**WORK REQUIRED:**
What is printed must match, line for line, the records from their first line through the line containing "再開高速打發至顏色發白 體積有點松發 但不要打發過度 打發過度也會影響花紋成型!", with pictures left out.

**RECORDS SUPPLIED:**
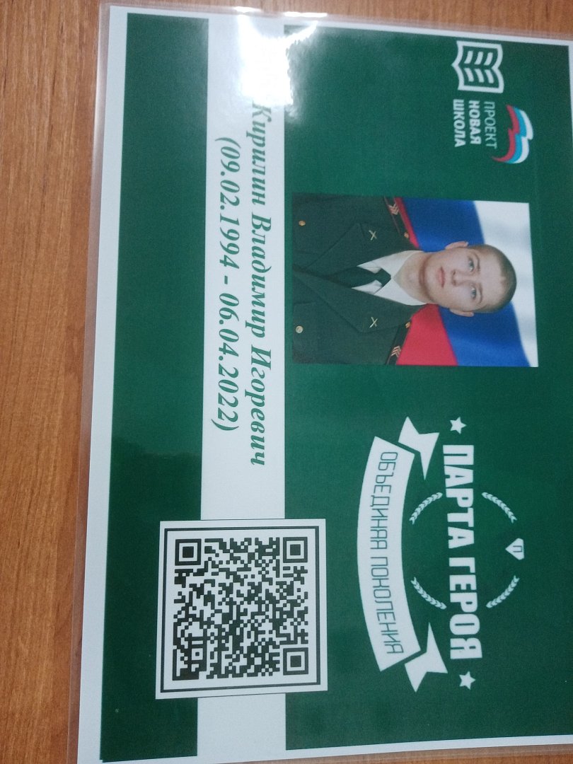 Парта открыта в честь выпускника этой школы Кирилина Владимира Игоревича, погибшего в ходе СВО и награжденного Орденом Мужества посмертно.
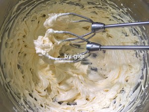 再開高速打發至顏色發白 體積有點松發 但不要打發過度 打發過度也會影響花紋成型!
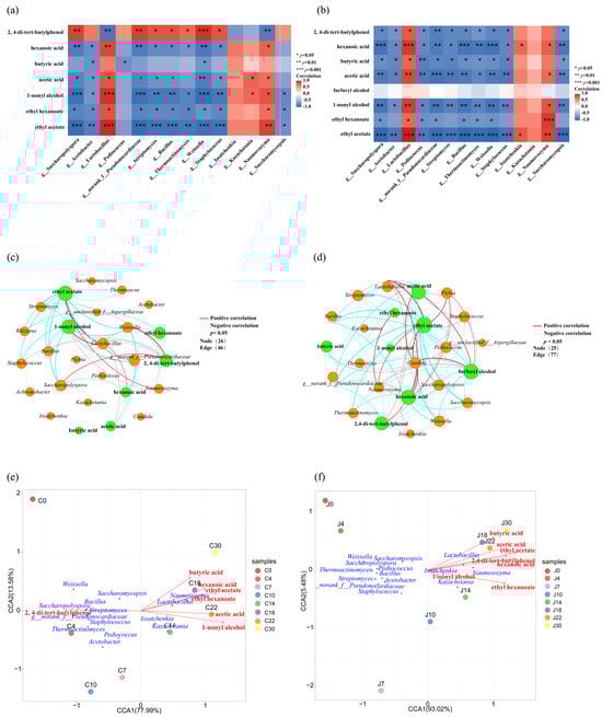 Correlation analysis of microorganisms and differential metabolites in fermented grains. (a) Heat maps of the correlation between differential microorganisms and differential flavor substances in the fermented grains from the traditional workshop. (b) Heat maps of the correlation between differential microorganisms and differential flavor substances in the fermented grains from the mechanized workshops. (c) Network maps of the correlation between the dominant microorganisms and differential flavor substances in the fermented grains from the traditional workshop. (d) Network maps of the correlation between the dominant microorganisms and differential flavor substances in fermented grains from the mechanized workshop. (e) CCA (canonical correspondence analysis) of microbes and metabolites in the fermented grains from the traditional workshop. The blue letters represent the names of the microbial genus, and the red letters represent the names of the flavor substance. (f) CCA (canonical correspondence analysis) of microbes and metabolites in the fermented grains from the mechanized workshop. C represents the traditional workshop; J represents the mechanized workshop.
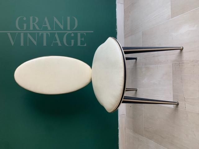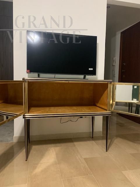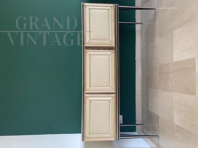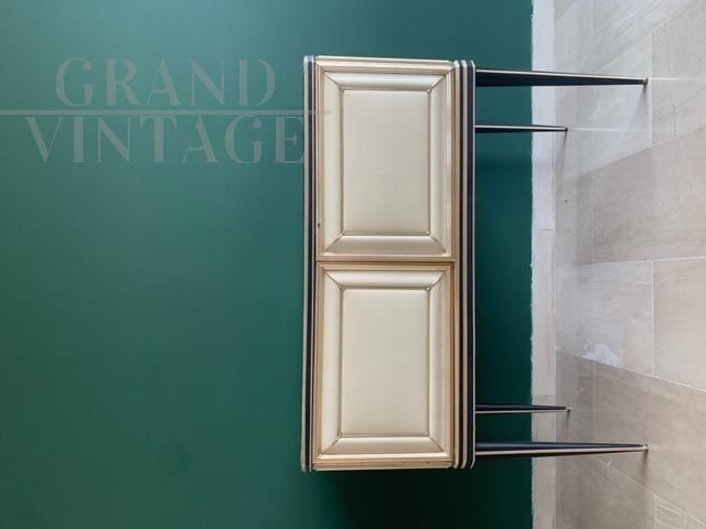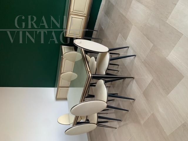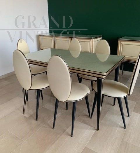 Complete living room designed by the architect Umberto Mascagni for Harrods, consisting of a table with a green glass top measuring 140 x 80 cm, 6 cream white skai chairs, a sideboard and a cream white wooden bar cabinet with green glass tops. The sideboard has mirrored interiors. Width of the sideboard 160 cm, width of the bar cabinet 110 cm.
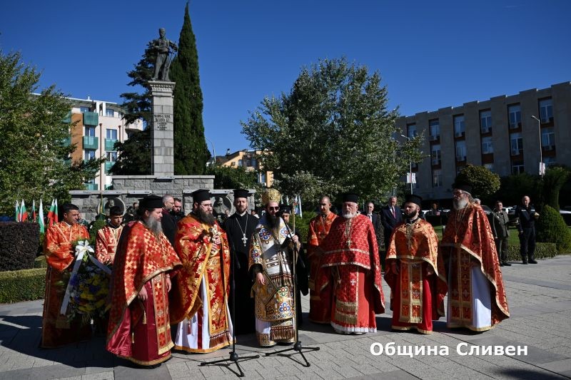 Церемонията на площада продължи с молебен за благополучие на Сливен и неговите граждани, отслужен от Негово Високопреосвещенство сливенския митрополит Арсений.
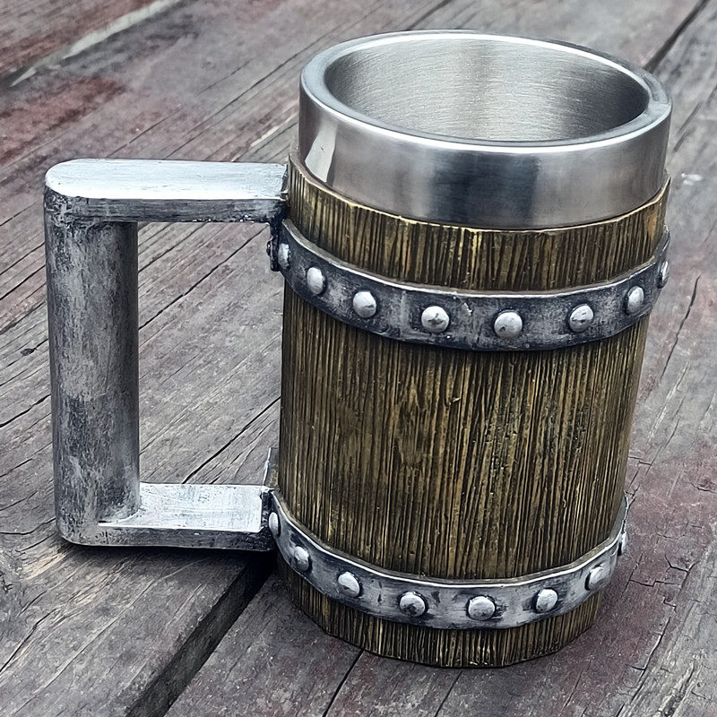海贼王动漫同款道具仿真木桶啤酒杯酒吧扎啤不锈钢水杯复古马克杯
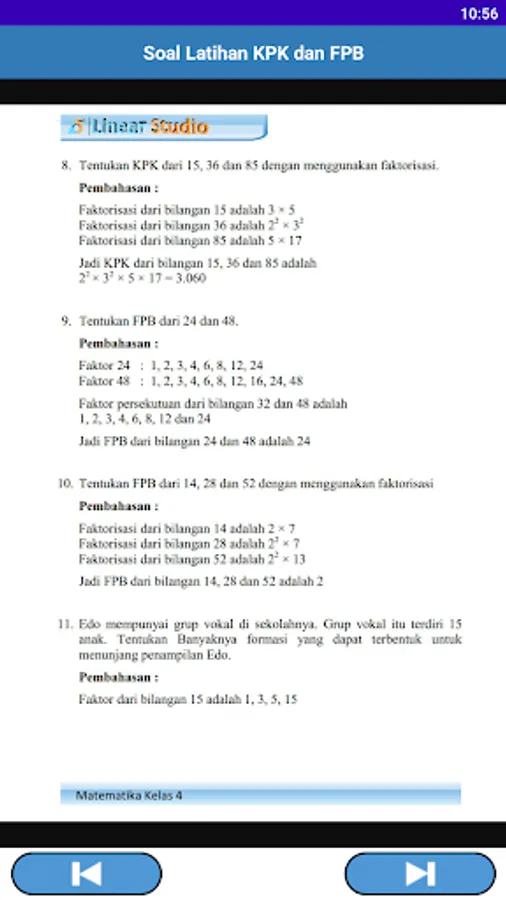 This application contains an answer key and discussion of multiple choice questions for the description of each chapter based on the Mathematics student book Class 4 Curriculum 2013 Revised Edition 2018.
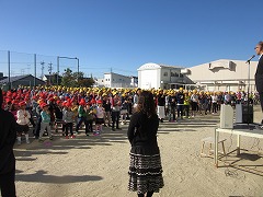 元気よくあいさつで始まりです。 選手にみんなから拍手!
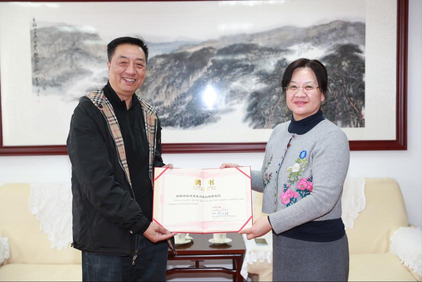 副校长李光红为赵峰教授颁发了客座教授聘书。菏泽弦索乐非遗传承人苏本栋先生,美高梅娱乐城
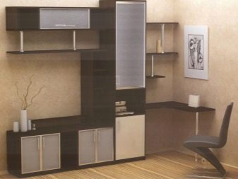 - If there is a furniture wall in the room, then the table for the computer can be a good continuation of the design. The workplace may be where the rack is. It can accommodate office equipment, documents and stationery. The tabletop, which reclines, looks practical.
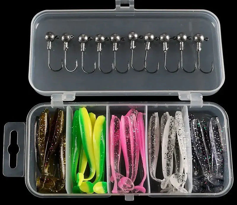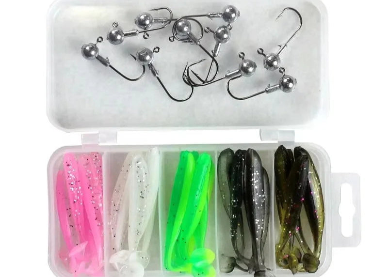 Ga goed voorbereid op pad met deze complete vissenset. De set bevat verschillende zachte shads in opvallende kleuren en stevige jigkoppen, perfect voor het vangen van snoek, baars en andere roofvissen. Dankzij de compacte box neem je alles gemakkelijk mee en heb je altijd het juiste aas bij de hand.
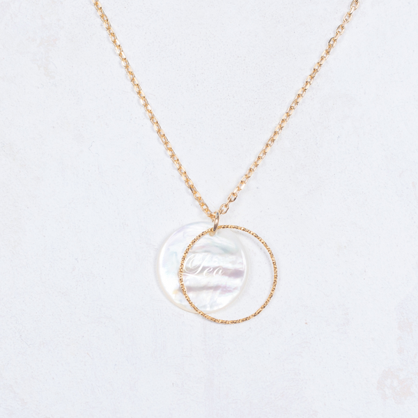 Léonore, our mother-of-pearl pendant arrounded with delicate details gold halo on a simple chain. Handmade in our Parisian workshop. 3 microns gold-plated and water resistant. Available in small mother-of-pearl.
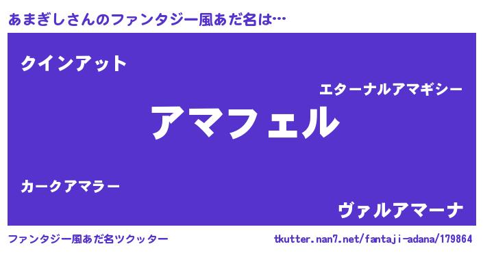 | 自動車の名前っぽいあだ名 | 『アマティマ』『フィッア』『アクア』 |
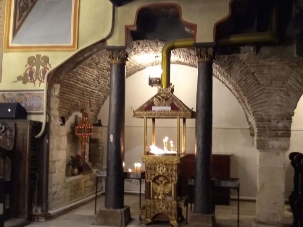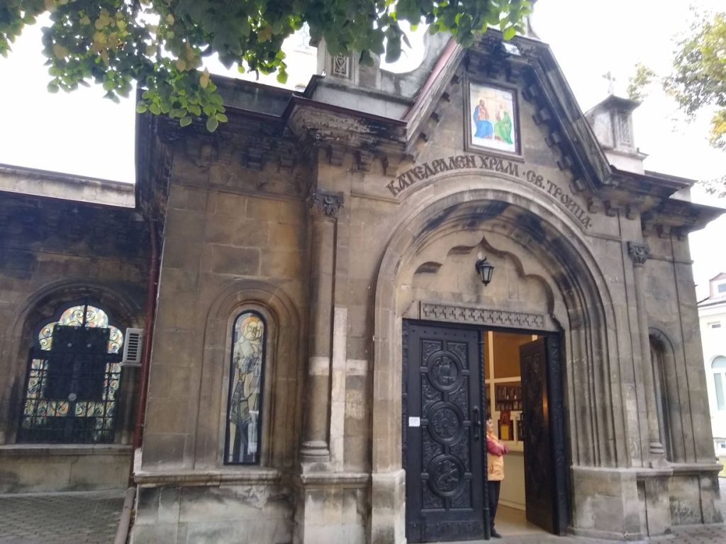 Our next and final stop on our walking tour is the Holy Trinity’s Church (or the Church of Sveta Troitsa). A Bulgarian orthodox church built sometime in the 17th or 18th C (not sure exactly which), but it is the oldest church in the city. An imposing structure made of heavy looking stone and embellished with Baroque (I think) pillars and arches, an interesting feature is that the nave is 13 feet below street level, due to Ottoman empire requirements at the time that churches could not be taller or more magnificent than Mosques.
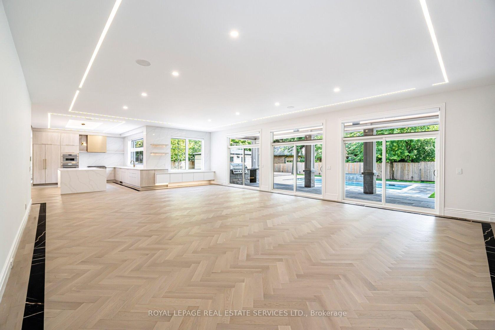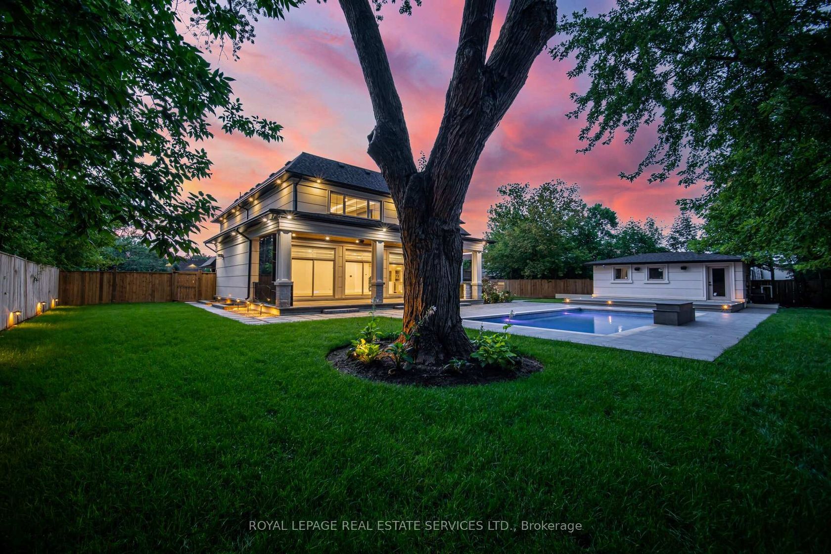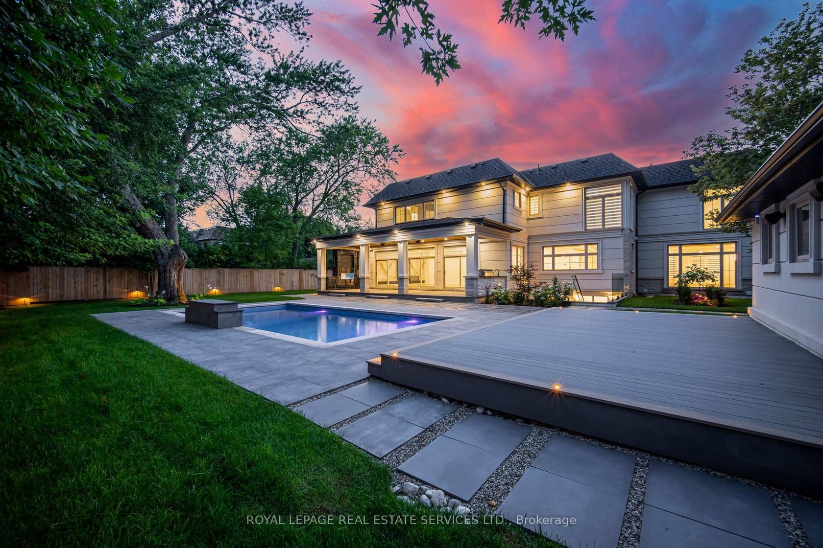 Set on a commanding 112.5'x199.5' lot just steps from the lake, this custom modern-traditional estate offers nearly 11,000SF of finished living space across three levels. A long private drive with parking for up to 12 cars and oversized 3-car garage create a striking arrival, complemented by stone and stucco architecture, soffit lighting, and professionally landscaped grounds. A dramatic double-height foyer introduces the home's scale, anchored by an open-riser staircase with smoked glass panels and integrated lighting. Principal rooms feature tile inlaid borders, herringbone engineered hardwood flooring, oversized windows, and sleek architectural lighting. The chef's kitchen is centred around a 10' quartz island with premium Thermador appliances, bespoke cabinetry, and a dedicated coffee station, flowing seamlessly into the family room with a modern fireplace feature wall, built-in media cabinetry, and multiple walkouts to a covered portico designed for four-season entertaining. A private main-floor office with double French doors and its own exterior entry offers exceptional work-from-home flexibility. Upstairs, four bedroom suites include a luxurious primary retreat with dual walk-in closets and a spa-inspired ensuite featuring a steam shower, freestanding tub, wall-mounted fixtures, and heated floor. The walk-up lower level is designed for lifestyle living with radiant in-floor heating, theatre room, wet bar, glass-enclosed gym, guest suite, pet spa, and extensive storage. Outdoor living is elevated with a rectangular pool and water feature, large-format stone terraces, composite sun deck, covered outdoor fireplace wall with TV rough-in, built-in BBQ station, and pool-house. Smart home technology, multi-zone audio, dual HVAC systems, and security surveillance complete this exceptional Lakeshore Road offering near parks, trails, and Bronte amenities. An outstanding blend of architectural presence, scale, and resort-style living! (some images have virtual staging)
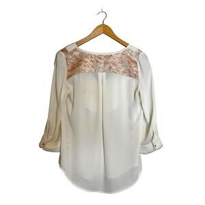 Anthropologie HD in Paris Cream Pink Sparkle Elinor Ruffle Long Sleeve Top. Features cream colored top with pink sparkle jacquard accents on back shoulders & buttons. Ruffle accents. Button closure. V-Neckline. Measurements in pictures.
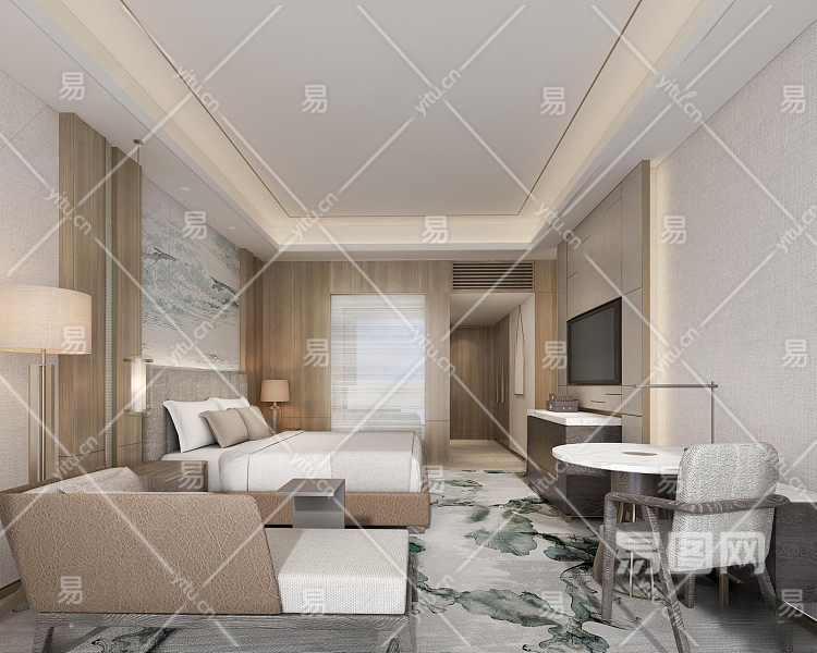 现代酒店客房3D模型下载
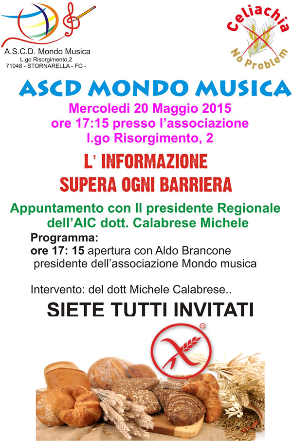 Mercoledì 20 Maggio 2015 ore 17:15 a Stornarella (FG) presso l’associazione A.S.C.D. MONDO MUSICA l.go Risorgimento, 2
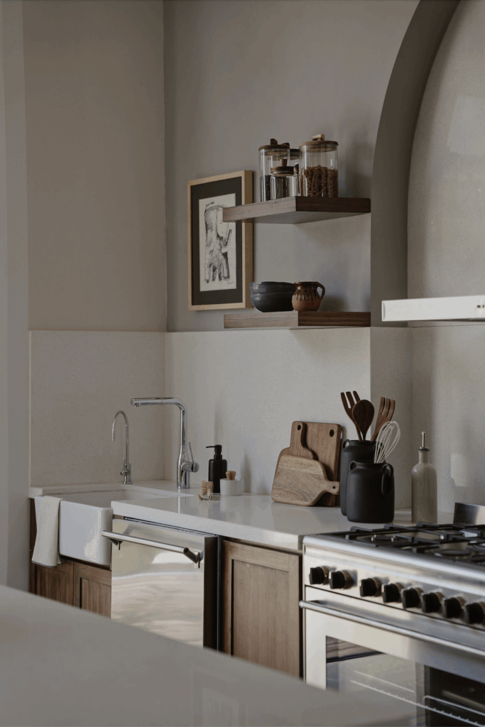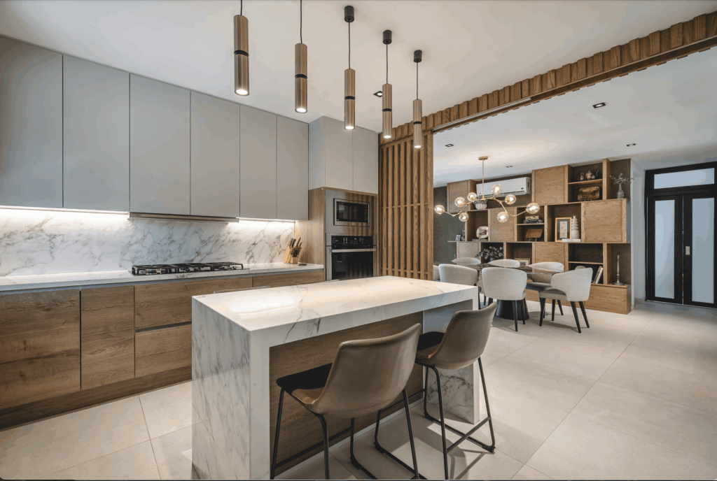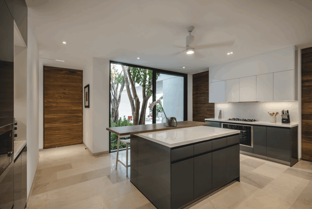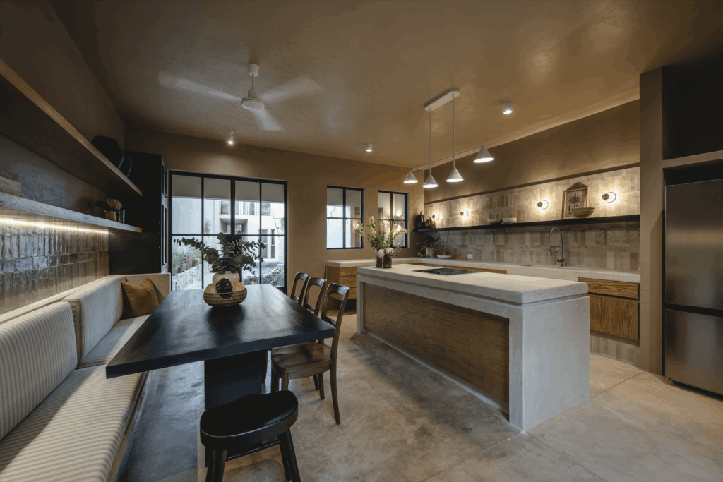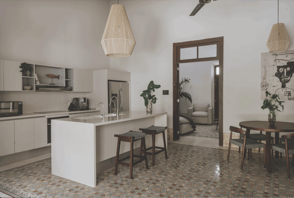 En cocinas para el tipo de climas con el que estamos trabajando, la estética no puede separarse de la funcionalidad. Los tonos claros y neutros ayudan a reflejar la luz y reducir la percepción de calor, mientras los acentos en madera y los recubrimientos inspirados en la arquitectura local aportan identidad y calidez. Esta combinación permite que la cocina dialogue con el contexto arquitectónico sin perder adaptabilidad a estilos contemporáneos. La integración de elementos tradicionales con soluciones modernas —como iluminación indirecta, electrodomésticos empotrados y mobiliario modular— permite maximizar la eficiencia sin comprometer el diseño.

**REPLY TO THE EXERCISE:**
 Парта открыта в честь выпускника этой школы Кирилина Владимира Игоревича, погибшего в ходе СВО и награжденного Орденом Мужества посмертно.
 再開高速打發至顏色發白 體積有點松發 但不要打發過度 打發過度也會影響花紋成型!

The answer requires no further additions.